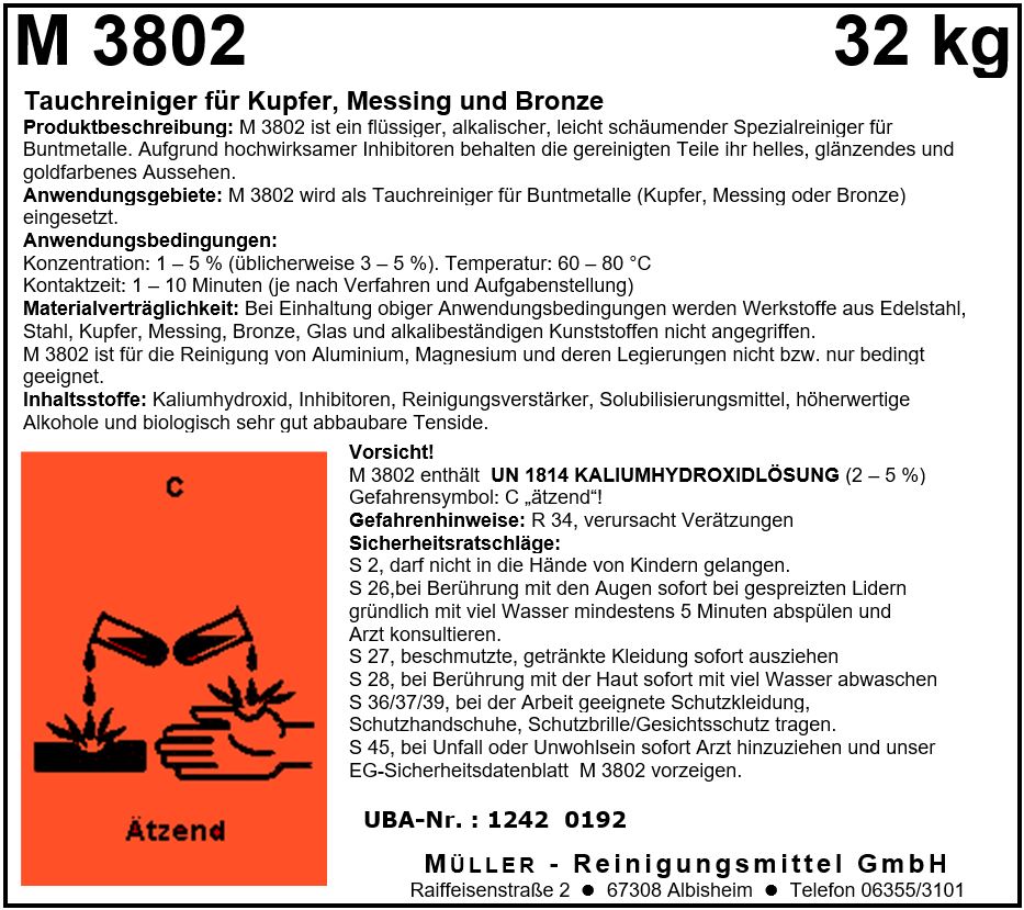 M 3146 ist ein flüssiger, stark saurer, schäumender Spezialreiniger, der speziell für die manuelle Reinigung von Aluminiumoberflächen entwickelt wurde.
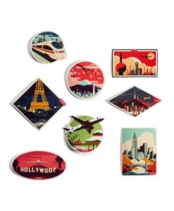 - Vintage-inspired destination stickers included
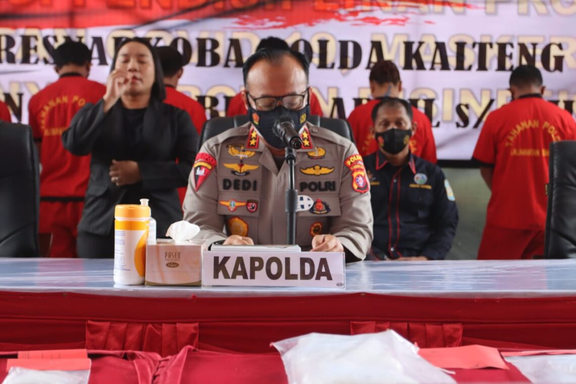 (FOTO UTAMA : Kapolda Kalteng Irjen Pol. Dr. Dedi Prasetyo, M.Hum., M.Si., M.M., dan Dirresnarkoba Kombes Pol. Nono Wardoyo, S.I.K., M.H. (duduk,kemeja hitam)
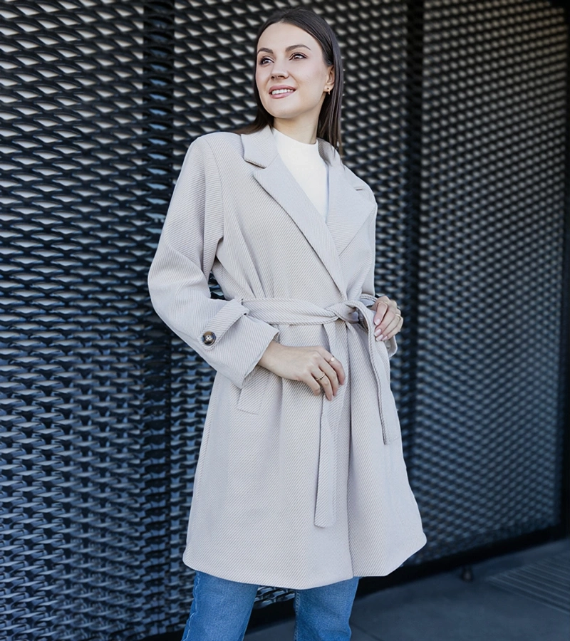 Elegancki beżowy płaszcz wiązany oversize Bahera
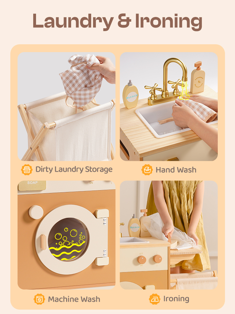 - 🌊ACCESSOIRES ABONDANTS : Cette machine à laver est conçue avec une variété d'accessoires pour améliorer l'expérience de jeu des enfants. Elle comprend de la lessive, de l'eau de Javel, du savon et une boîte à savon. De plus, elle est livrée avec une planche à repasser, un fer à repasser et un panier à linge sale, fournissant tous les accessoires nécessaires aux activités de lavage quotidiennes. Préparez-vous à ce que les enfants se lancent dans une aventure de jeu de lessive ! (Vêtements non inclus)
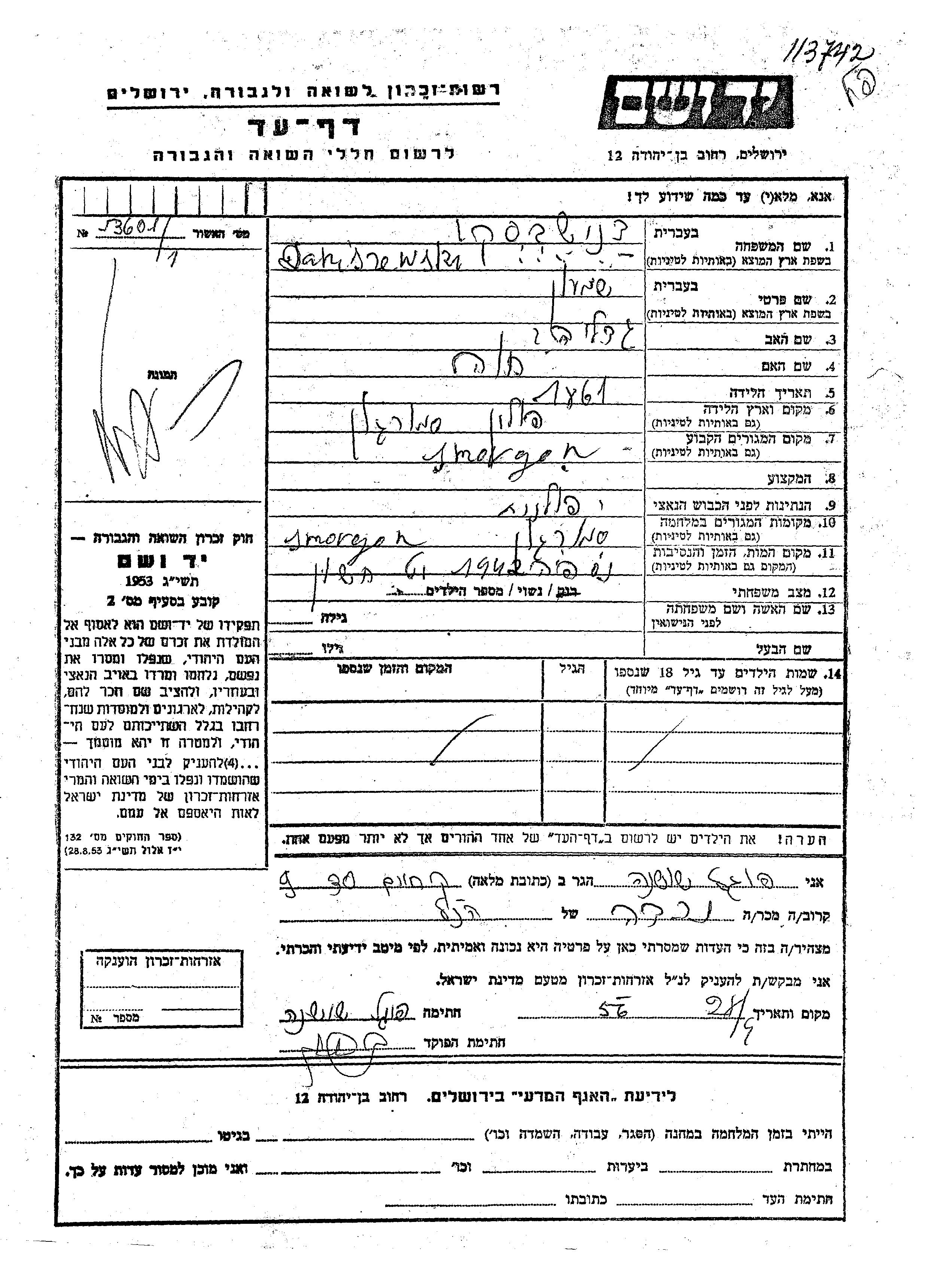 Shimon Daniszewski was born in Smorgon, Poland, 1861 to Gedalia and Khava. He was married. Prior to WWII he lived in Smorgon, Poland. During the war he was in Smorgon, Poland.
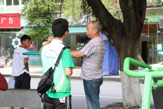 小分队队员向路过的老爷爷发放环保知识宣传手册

--

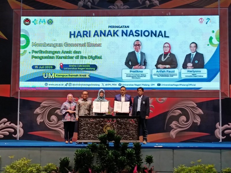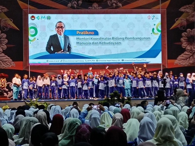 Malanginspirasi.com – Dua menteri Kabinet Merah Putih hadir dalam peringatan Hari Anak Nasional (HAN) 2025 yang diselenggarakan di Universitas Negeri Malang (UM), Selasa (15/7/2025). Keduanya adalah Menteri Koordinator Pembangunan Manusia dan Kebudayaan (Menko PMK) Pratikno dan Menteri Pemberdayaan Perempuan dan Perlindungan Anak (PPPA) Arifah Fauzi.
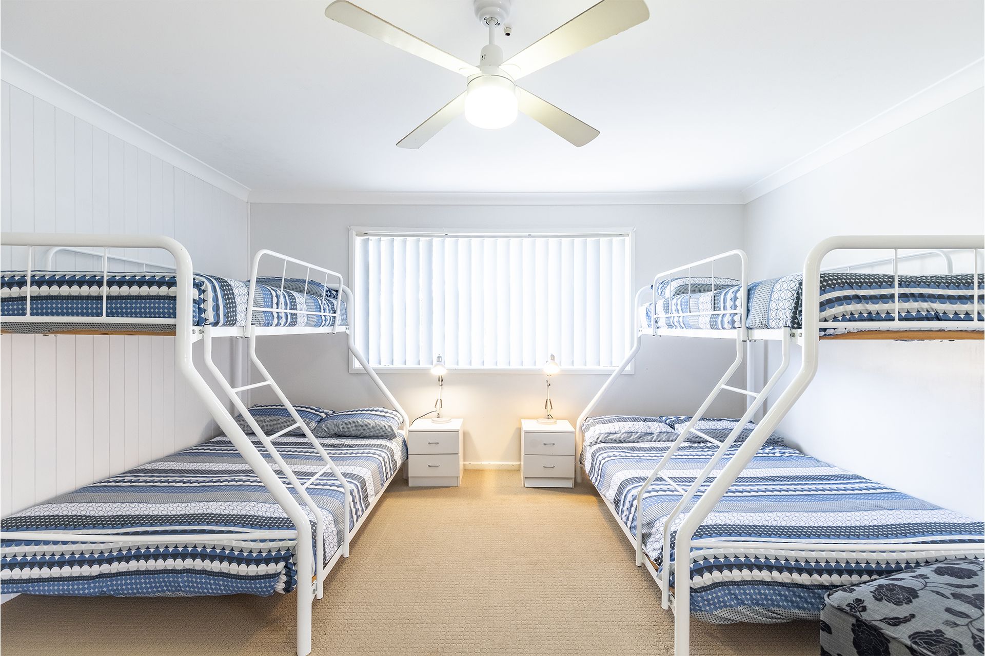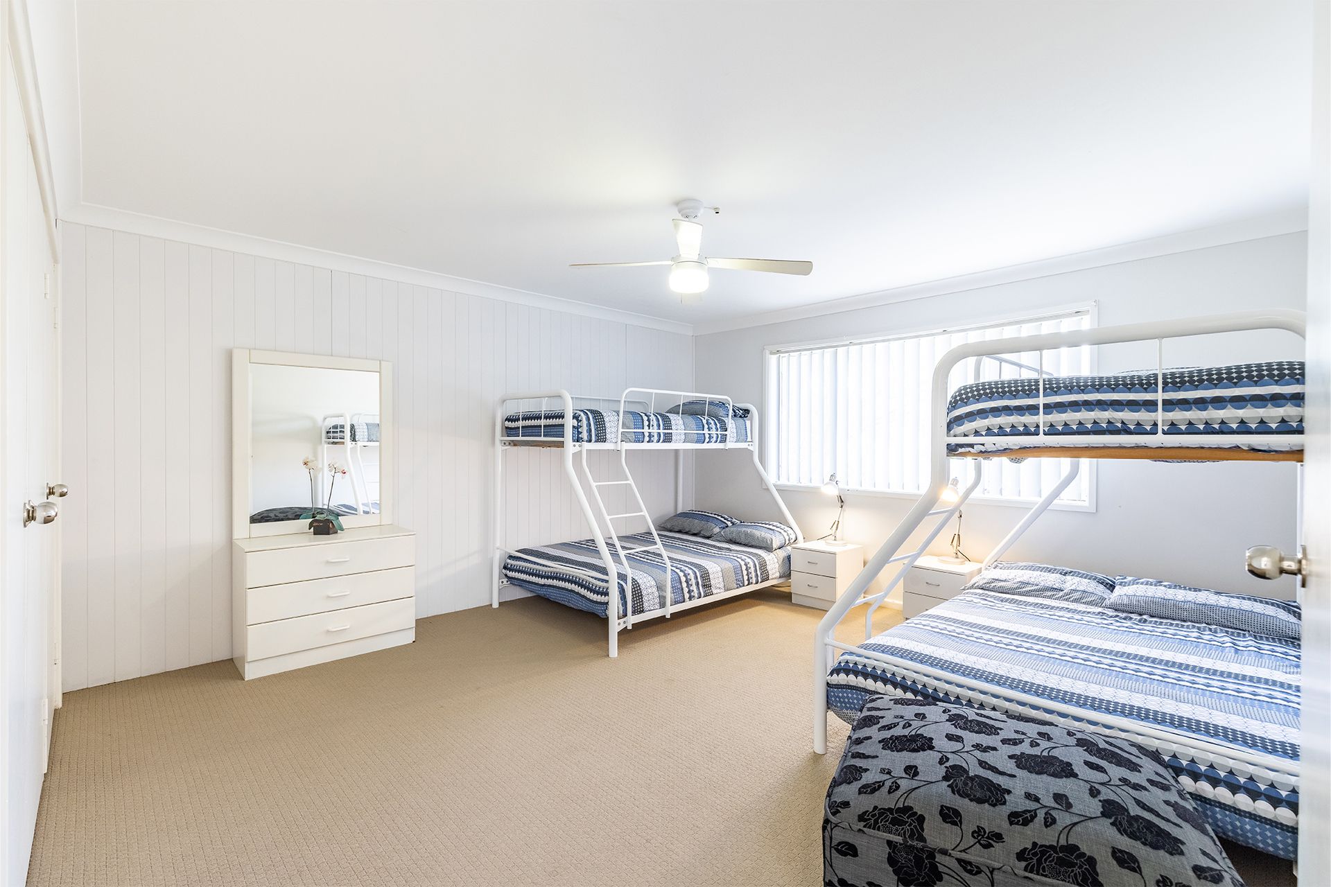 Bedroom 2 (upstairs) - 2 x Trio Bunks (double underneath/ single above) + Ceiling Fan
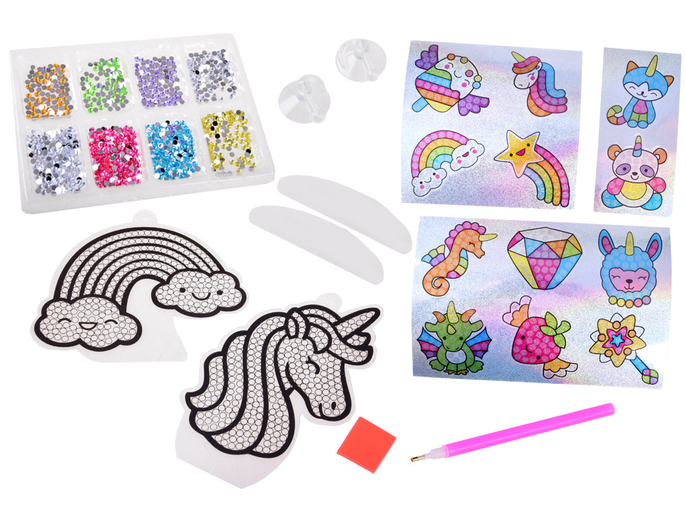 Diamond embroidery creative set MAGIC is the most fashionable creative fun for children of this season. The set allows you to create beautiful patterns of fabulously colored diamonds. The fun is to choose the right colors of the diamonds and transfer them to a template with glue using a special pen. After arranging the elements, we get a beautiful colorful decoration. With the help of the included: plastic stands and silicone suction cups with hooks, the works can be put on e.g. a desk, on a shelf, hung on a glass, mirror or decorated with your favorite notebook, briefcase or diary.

Exercise description: Once the line with "- Vintage-inspired destination" has been found above, output that line and every later line exactly, stopping after the line with "- 🌊ACCESSOIRES ABONDANTS", and omit the pictures.

Answer box:
 - Vintage-inspired destination stickers included
 (FOTO UTAMA : Kapolda Kalteng Irjen Pol. Dr. Dedi Prasetyo, M.Hum., M.Si., M.M., dan Dirresnarkoba Kombes Pol. Nono Wardoyo, S.I.K., M.H. (duduk,kemeja hitam)
 Elegancki beżowy płaszcz wiązany oversize Bahera
 - 🌊ACCESSOIRES ABONDANTS : Cette machine à laver est conçue avec une variété d'accessoires pour améliorer l'expérience de jeu des enfants. Elle comprend de la lessive, de l'eau de Javel, du savon et une boîte à savon. De plus, elle est livrée avec une planche à repasser, un fer à repasser et un panier à linge sale, fournissant tous les accessoires nécessaires aux activités de lavage quotidiennes. Préparez-vous à ce que les enfants se lancent dans une aventure de jeu de lessive ! (Vêtements non inclus)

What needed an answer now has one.